Sem o apoio do governo e da maioria dos partidos progressistas, a tramitação da proposta pode esbarrar em dificuldades práticas, mesmo que ganhe espaço simbólico no debate público. Ainda assim, os bolsonaristas devem continuar usando o tema como instrumento de pressão.
Hugo Motta no centro do impasse
A atuação do novo presidente da Câmara, Hugo Motta, tem sido observada com lupa por diferentes alas do Congresso. Alçado ao cargo em meio à crise institucional que atingiu Arthur Lira, Motta tenta equilibrar os interesses da oposição bolsonarista e da base do governo Lula. Seu discurso ambíguo sobre a pauta do foro privilegiado reflete esse esforço.

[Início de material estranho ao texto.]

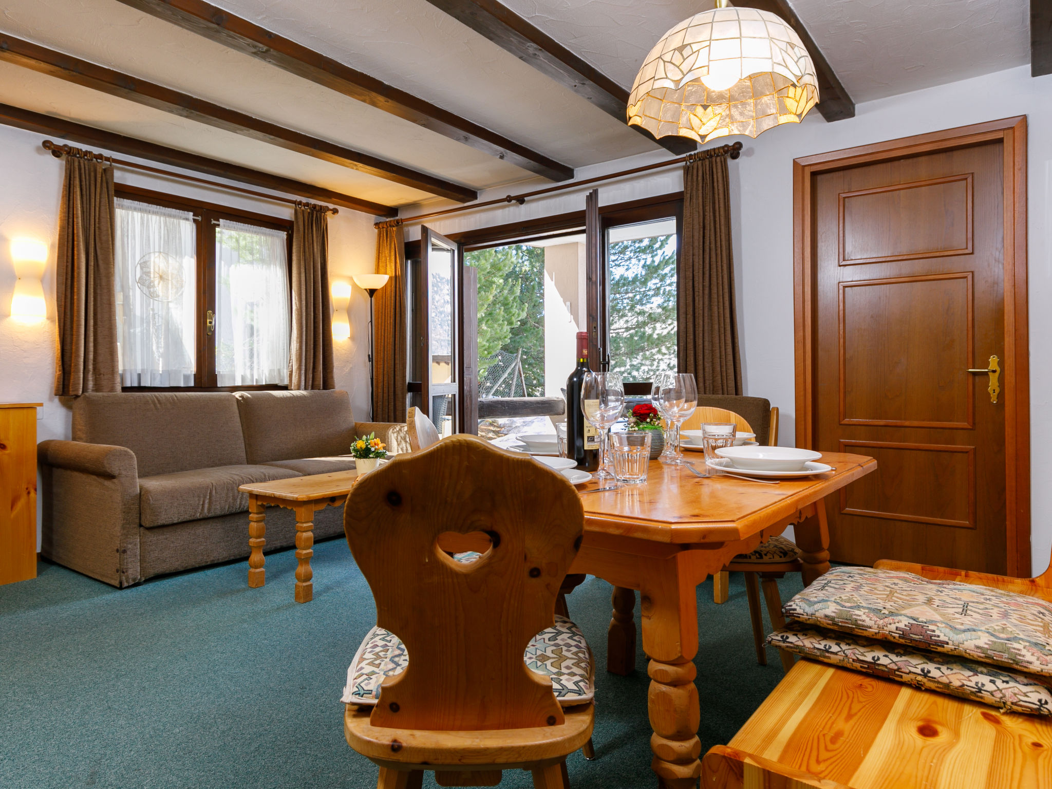 "Residenza Chesa Margun 77-2", apt. di 2 locali 49 m2, al pianterreno. Arredamento confortevole e accogliente: soggiorno/sala da pranzo con 1 divano letto (110 cm, lunghezza 190 cm), tavolo da pranzo e TV (via cavo) (schermo piatto), radio. Uscita sulla terrazza. 1 camera con 2 letti (90 cm, lunghezza 190 cm). Cucina (forno, lavastoviglie). Vasca/WC. Riscaldamento elettrico. Moquette. Terrazza, esposizione sud. Mobili da terrazza. Vista sulle montagne e sulla località. A disposizione: Internet (wifi). Prego notare: appartamento per non fumatori.
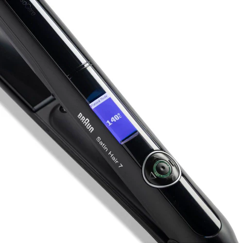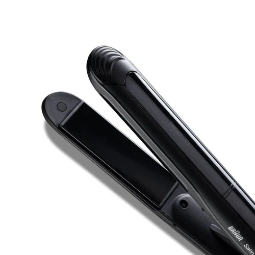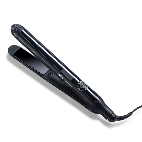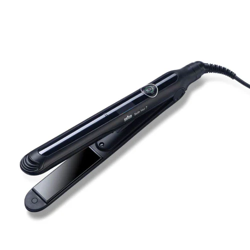 Braun Hair Straightener featuring automatic temperature control via smart sensors, made with nano-ceramic plates to help protect hair from damage and split ends.
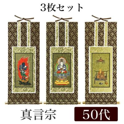 掛け軸 オリジナル掛軸3枚セット 「真言宗」 50代(高さ29cm) 大日如来・不動明王・弘法大師 真言陀羅尼宗 曼荼羅宗 空海 秘密宗 本尊 脇掛のレビューを書く
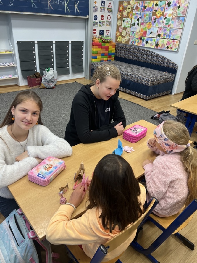 V pondělí 6.října proběhla seznamovací schůzka prvňáčků z céka s jejich patrony ze sedmičky. Setkání to bylo velmi milé a přes úvodní nervozitu si každý našel svého kamaráda. Sedmáci si připravili pro prvňáčky pěkné osobní dárečky v podobě origami. Všichni si společný čas užili, více se poznali a domluvili se, že se zase brzy uvidí. Bc. Lucie Kubínová, Ing. Šárka Nováková
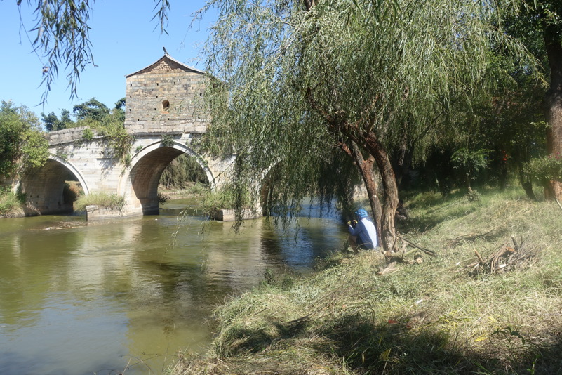 Weiter geht’s. Am Flüsschen entlang zurück nach Jianshui. Qingzeitliche Brücken säumen unseren Weg. Am beeindruckensten die Chuang Long Brücke. Also Fotostopp, dann werden wir von einer lautstarken chinesischen Reisegruppe vertrieben, die jedes romantische Sinnieren zunichte macht, schwingen uns auf die Räder und lassen den Nachmittag jeder für sich ausklingen.
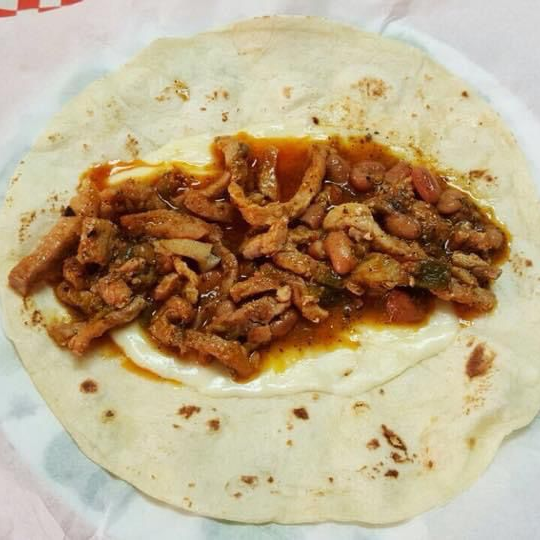 Quesadilla con queso asadero y fajitas de carne de puerco con frijoles en salsa roja, acompañado de chiles toreados y salsa de suero.
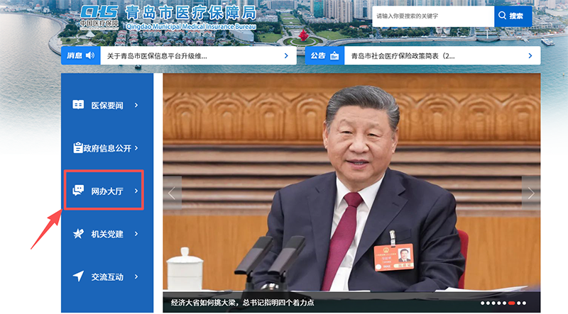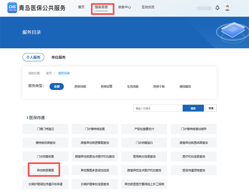 方式2:访问青岛市医疗保障局网站,依次点击【网办大厅】→【服务目录】→【异地就医备案】进行办理。
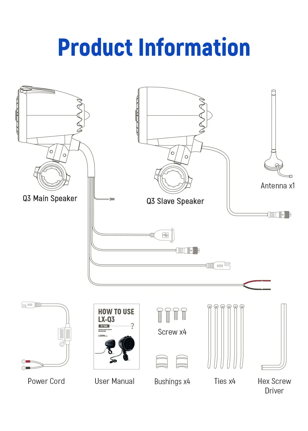 Lexin Q3 мото колонки 150 Вт Bluetooth 5,1 колонки для 7/8 до 1 1/4 мотоцикл IP67 водонепроницаемый, встроенный светодиодный сигнал поворота
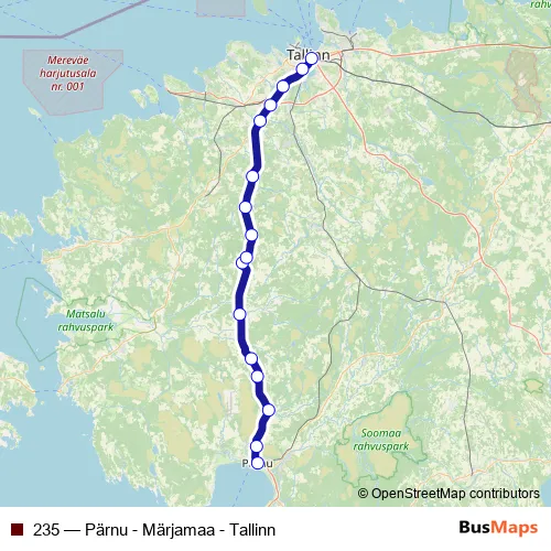 The first stop of the 235 bus route is Pärnu bussijaam and the last stop is Tallinna bussijaam. 235 (Pärnu - Märjamaa - Tallinn) is operational during everyday.
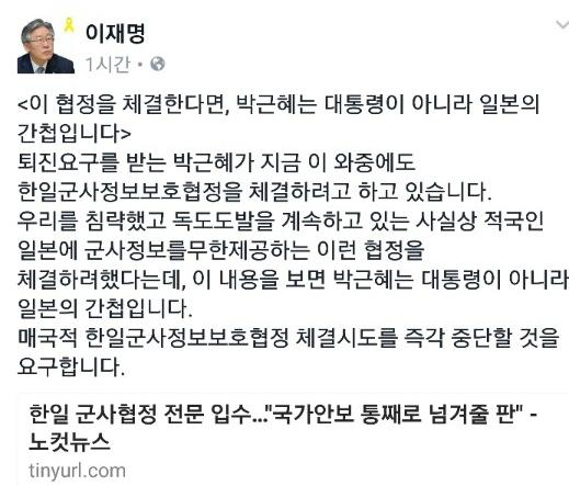 이재명 시장은 7일 자신의 페이스북에 '한일 군사협정 전문 입수' 제목의 기사와 함께 '이 협정을 체결한다면, 박근혜는 대통령이 아니라 일본의 간첩입니다'라고 운을 뗐다.

Motta não confirmou que pautará a PEC, mas também não negou que essa possibilidade esteja sobre a mesa. “Vamos discutir todas as pautas com os líderes. A Casa é soberana”, disse. A frase, embora protocolar, foi interpretada por bolsonaristas como uma vitória parcial — e por governistas como um sinal de cautela.
A situação se torna ainda mais delicada diante da insistência da oposição em também pautar uma anistia aos envolvidos nos atos golpistas de 8 de janeiro. A articulação dessas duas propostas — anistia e fim do foro — forma o cerne da pressão da extrema direita sobre a nova mesa diretora da Câmara.